Das Web vergisst nicht

Wir werden unsere Kinder nicht vor den Einflüssen des Webs abschirmen können. Früher oder später wird es sie mit all seinen Vorzügen und Nachteilen erreichen. Doch bis es so weit ist, sollten sie eine Prägung erfahren haben, die von liebevollem Umgang, Rücksichtnahme und überlegtem Handeln, auch im Bezug auf die Medien, dominiert wurde. Gefragt sind hier die Eltern, Pädagogen und alle, die in Vereinen und Einrichtungen mit Kindern und Jugendlichen in Kontakt kommen. Derart gestählt, werden sie die sexuellen Exzesse und Gewaltdarstellungen auf dem Bildschirm einzuorden wissen.

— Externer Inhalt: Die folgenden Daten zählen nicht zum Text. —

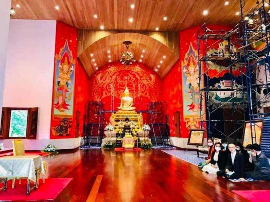 รับเสด็จพระเจ้าวรวงศ์เธอ พระองค์เจ้าโสมสวลี กรมหมื่นสุทธนารีนาถ ทรงโปรดให้ พระเจ้าวรวงศ์เธอ พระองค์เจ้าสิริภาจุฑาภรณ์ เสด็จแทนพระองค์ไปในพิธีบวรสรวงการบูรณะลงรักปิดทององค์พระประธานและงานเขียนภาพจิตรกร
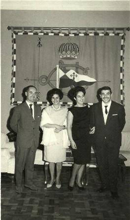 Julián Mouriño (Iizquierda) y Jose Luis Veiga (derecha) posan junto a sus esposas, bajo el escudo del Real Club Náutico de Vigo, con motivo de la Cena 5º Aniversario Vespa Club de Vigo en sus instalaciones el 11-10-1962. Según nos comenta Julián, a algunos de los socios del Náutico no les pareció demasiado bien que abriesen sus instalaciones a este tipo de eventos. Al año siguiente, con motivo del 6º aniversario, el Vespa Club celebró la cena en "Las siete Torres".
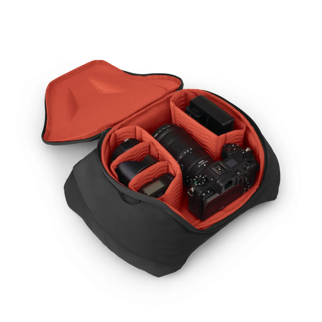 The Osprey PhotoLid is a clever solution for carrying camera gear on multi-day hikes without adding an extra pack. It neatly attaches to any Ospray pack with a removable lid. Once connected, access is quick and intuitive.

All dem Pessimismus zum Trotz, der vermuten lässt, unsere Kinder haben sich zu Orgien feiernden und an Nymphomanie leidenden Triebtätern verwandelt, stimmt die aktuelle Studie nüchtern. Sind unsere Kinder, die Digital Natives, am Ende schon viel kompetenter im Umgang mit Medien als wir, die von Horrormeldungen aufgeschreckte Öffentlichkeit?